There is a split of authority within the Sixth Circuit concerning the scope of federal question jurisdiction and the reach of federal courts. Viewed narrowly, the split is important for those who litigate claims of “off-label” use and marketing under the Medical Device Amendments (“MDA”) to the Food, Drug, and Cosmetic Act. But the heart of the debate is trans-substantive and involves the reach of federal courts. As such, this split of authority should be of interest to all judges and practitioners within the Sixth Circuit, and beyond. On one side of the split is the Western District of Tennessee (Jenkins v. Medtronic, Inc.) and the Southern District of Ohio (H.R. v. Medtronic, Inc. ). On the other side is the Eastern district of Kentucky (Dillion v. Medtronic, Inc.).
The cases concern medical bone graft devices, allegedly promoted and used “off-label,” resulting in injury to the plaintiff. Each case was brought in state court and removed to federal court. The devices at issue fall within the scope of the MDA and are designated Class III devices, which means that they are the most heavily regulated by the federal government. And, importantly, the MDA includes a preemption provision that could potentially foreclose the claims of each plaintiff. In short, the resolution of each case involves an important interpretation of federal law concerning a medical device that the federal government regulates with the utmost oversight. But the federal issue in question – preemption – is a defense; it is not necessary for the plaintiff to make out their claim. As a result, the plaintiff’s claims do not satisfy the well-pleaded complaint rule. The legal question then becomes whether or not that failure bars federal question jurisdiction. The Eastern District of Kentucky said yes; the Western District of Tennessee and Southern District of Ohio said no.
The crux of the debate stems from differing interpretations of case precedent, specifically, the Supreme Court’s 2005 decision in Grable & Sons Metal Products, Inc. v. Darue Eng’g & Mfg. and the Sixth Circuit’s 2007 decision in Mikulski v. Centerior Energy Corp. Preceding Grable, and for nearly one hundred years, the well-pleaded complaint rule served as the analytical focus of federal question jurisprudence. The lodestar of that analysis was a famous test formulated by Justice Holmes that a “suit arises under the law that creates the cause of action.” But the boundaries of federal question jurisdiction extended beyond Justice Holmes’s famous test which, over time, created a doctrinal maze where the only certainty became confusion. In Grable, the Supreme Court cleared up some of that confusion but also created new areas of uncertainty. This intra-circuit split highlights one of those areas. Under what has been termed the substantial-federal-question doctrine, the Grable Court said that “the question is, does a state-law claim  necessarily raise a stated federal issue,  actually disputed and  substantial,  which a federal forum may entertain without disturbing any congressionally approved balance of federal and state judicial responsibilities.” (emphasis added).

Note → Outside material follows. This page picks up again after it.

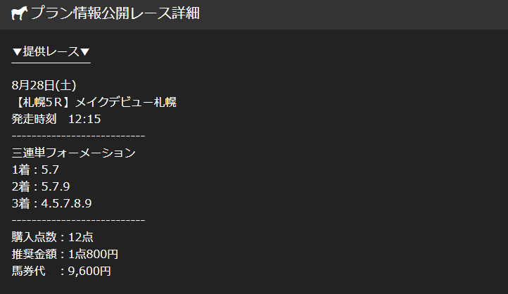 新馬戦で73万5280的中しました! 3連単払戻が919.1倍、もうちょいで夢の10万馬券GETだった!惜しい!!! こんな神予想を1万以下の馬券代で的中させるアルケミストの情報は本物ですね!

The position of the Western District of Tennessee and the Southern District of Ohio is that this formulation is the third true exception to the well-pleaded complaint rule (joining complete preemption and artful pleading), which means that it can apply in situations where the federal issue is not necessary for the plaintiff’s affirmative claim (i.e. the defense of preemption). In contrast, the position of the Eastern District of Kentucky is that the Grable test defines the extent to which the well-pleaded complaint rule expands beyond Justice Holmes’s famous formulation. Or to frame the debate another way, does the Grable test’s first requirement retain the traditional limitation that prevents the existence of a preemption defense from giving rise to federal jurisdiction? That depends on how one interprets the words “necessarily raise a stated federal issue,” which is why we emphasized them above.
This intra-circuit debate presents a genuinely difficult question of law. On the one hand, the analysis to determine federal question jurisdiction has long resisted a true bright line rule, and it makes a lot of sense to think that federal courts should be able to interpret federal law concerning important objects of federal regulation. In addition, a plain reading of some language in Mikulski suggests that the Grable test is a true exception to the well-pleaded complaint rule. On the other hand, it also makes sense to interpret Supreme Court precedent as not setting aside century-old boundaries absent clear direction. And the Eastern District of Kentucky reads Mikulski, as a whole, to be consistent with its opinion, which is consistent with the Grable Court’s admonishment that “an opinion is to be read as a whole.” Finally, as we noted here, where legal uncertainty exists in other areas of law, the Sixth Circuit has shown restraint in not displacing state authority without clear direction. In sum, this is an important and interesting (but also difficult) debate that the Sixth Circuit may have to clarify at some point, and we will keep our eye on any developments.